_Task brief:_ From the first line to the last, retype the records exactly and skip the pictures.

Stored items
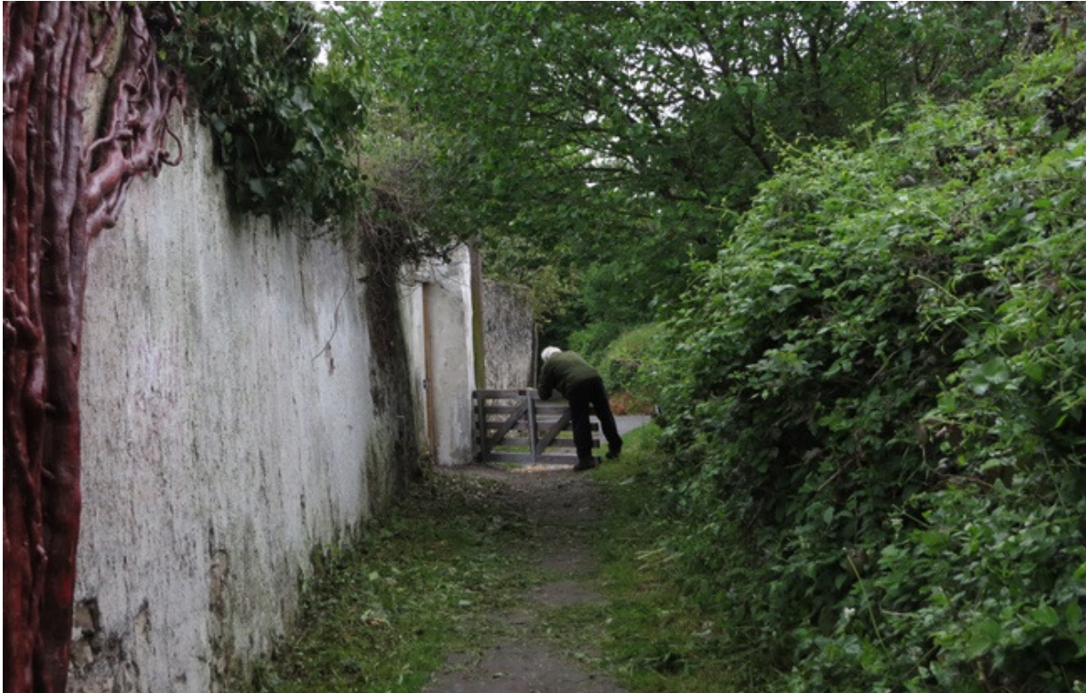
Site des murs à pêches, Montreuil.

« Ce site fait partie intégrante du patrimoine de Montreuil, mais il reste très peu connu aujourd'hui ». Hugo, l'un des membres de l'association Murs à pêches (MAP), qui organise ce week-end la 16e édition du festival dédié à ce lieu surprenant, joue les guides ce mardi après-midi.
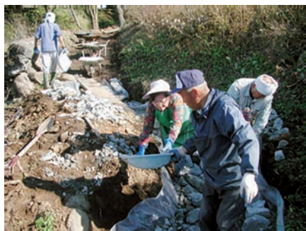
ホテル交流プロジェクト ホテル水路整備

習の進め方、学習成果の生かし方、住民参画の促進についての計画を示しました。第2次生涯学習基本構想の閲覧を希望される方は原村中央公民館内の教育課までお越しください。
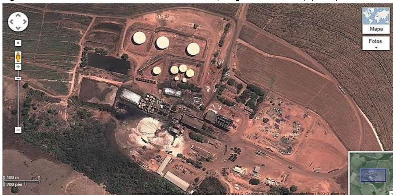
Figura 2: Indústria alcooleira de Rubiataba –GO (imagem via satélite) (2018).
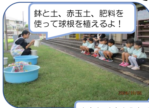
鉢と土、赤玉土、肥料を使って球根を植えるよ！

5日（火）チューリップの球根植えをしました。第1学期に経験した“ひまわり・ハツカダイコンの栽培”の第3回目。今回も自分の鉢にチューリップの球根を植えました。好みの色の花が咲く球根を選び、赤玉土、培養土（肥料も少々）、球根の順に入れていきました。「来年の春にはきれいな花が咲くね！」と言いながら大切に育てていきたいと思っています。
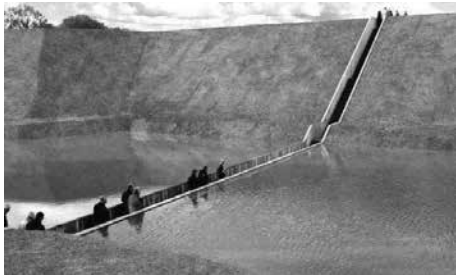
Cầu Moses, Halsteren, Hà Lan
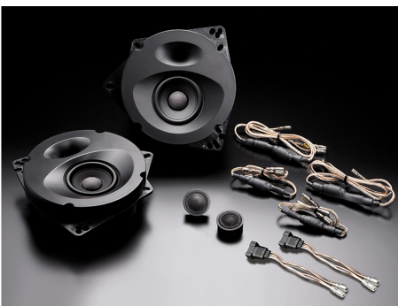
SP-S171E (純正6スピーカー装着車・フロント専用)
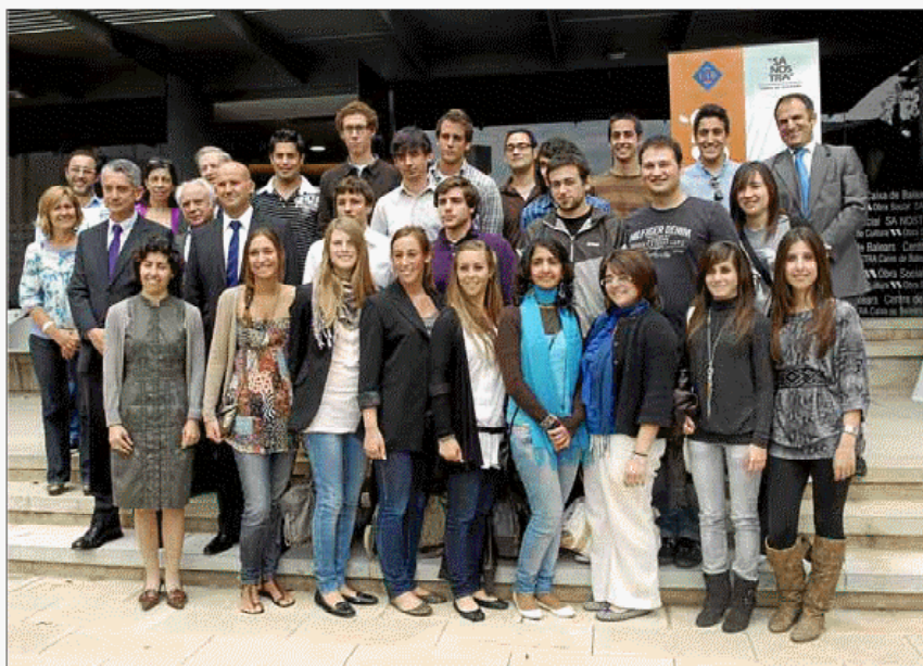
Foto de grupo de los alumnos premiados y los representantes de Sa Nostra y la UIB.
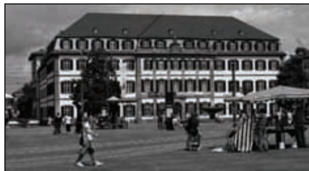
Regierungspräsidium in Darmstadt

Weiterhin heißt es im Bericht des Bundesverkehrsministeriums: „Der weiterhin bestehende Optimierungsbedarf konnte im Rahmen der Bedarfsplanüberprüfung nicht geleistet werden. Hierzu ist vielmehr eine Zusammenarbeit mit den betreffenden Gebietskörperschaften bzw. den Aufgabenträgern des SPNV (Schienen-Personen-Nahverkehr) erforderlich.“
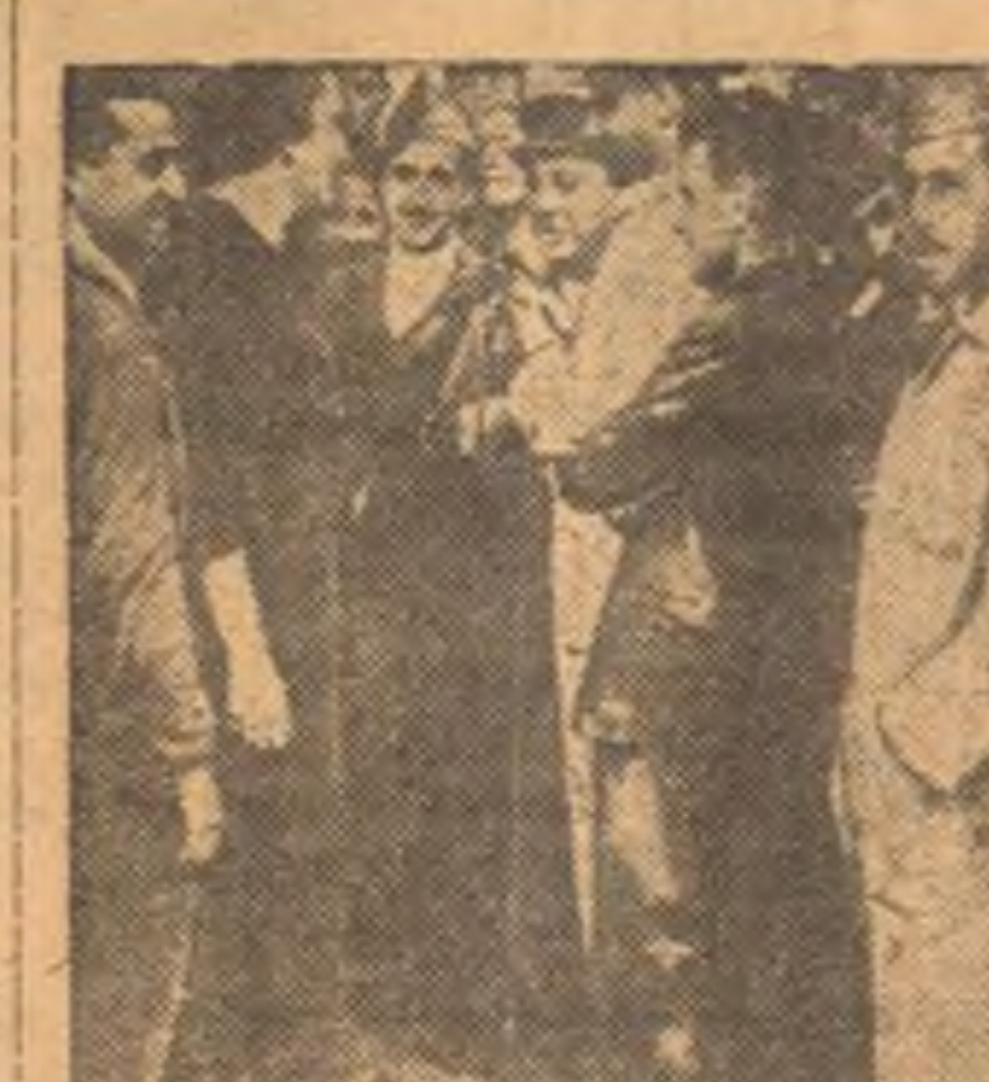
На снимке: известная коммунистическая деятельница, депутатка испанского парламента Долорес Ибаррури (Пассионари) беседует с республиканскими дружинниками на северном фронте.

В этой тяжелой обстановке... Мы ждем их от всего сердца. Не забывайте слова того волнения, с которым слышим мы за отчаянной героической борьбой испанского народа с порою кровавых фашистских насильников.

_Answer space:_
Site des murs à pêches, Montreuil.

« Ce site fait partie intégrante du patrimoine de Montreuil, mais il reste très peu connu aujourd'hui ». Hugo, l'un des membres de l'association Murs à pêches (MAP), qui organise ce week-end la 16e édition du festival dédié à ce lieu surprenant, joue les guides ce mardi après-midi.
ホテル交流プロジェクト ホテル水路整備

習の進め方、学習成果の生かし方、住民参画の促進についての計画を示しました。第2次生涯学習基本構想の閲覧を希望される方は原村中央公民館内の教育課までお越しください。
Figura 2: Indústria alcooleira de Rubiataba –GO (imagem via satélite) (2018).
鉢と土、赤玉土、肥料を使って球根を植えるよ！

5日（火）チューリップの球根植えをしました。第1学期に経験した“ひまわり・ハツカダイコンの栽培”の第3回目。今回も自分の鉢にチューリップの球根を植えました。好みの色の花が咲く球根を選び、赤玉土、培養土（肥料も少々）、球根の順に入れていきました。「来年の春にはきれいな花が咲くね！」と言いながら大切に育てていきたいと思っています。
Cầu Moses, Halsteren, Hà Lan
SP-S171E (純正6スピーカー装着車・フロント専用)
Foto de grupo de los alumnos premiados y los representantes de Sa Nostra y la UIB.
Regierungspräsidium in Darmstadt

Weiterhin heißt es im Bericht des Bundesverkehrsministeriums: „Der weiterhin bestehende Optimierungsbedarf konnte im Rahmen der Bedarfsplanüberprüfung nicht geleistet werden. Hierzu ist vielmehr eine Zusammenarbeit mit den betreffenden Gebietskörperschaften bzw. den Aufgabenträgern des SPNV (Schienen-Personen-Nahverkehr) erforderlich.“
На снимке: известная коммунистическая деятельница, депутатка испанского парламента Долорес Ибаррури (Пассионари) беседует с республиканскими дружинниками на северном фронте.

В этой тяжелой обстановке... Мы ждем их от всего сердца. Не забывайте слова того волнения, с которым слышим мы за отчаянной героической борьбой испанского народа с порою кровавых фашистских насильников.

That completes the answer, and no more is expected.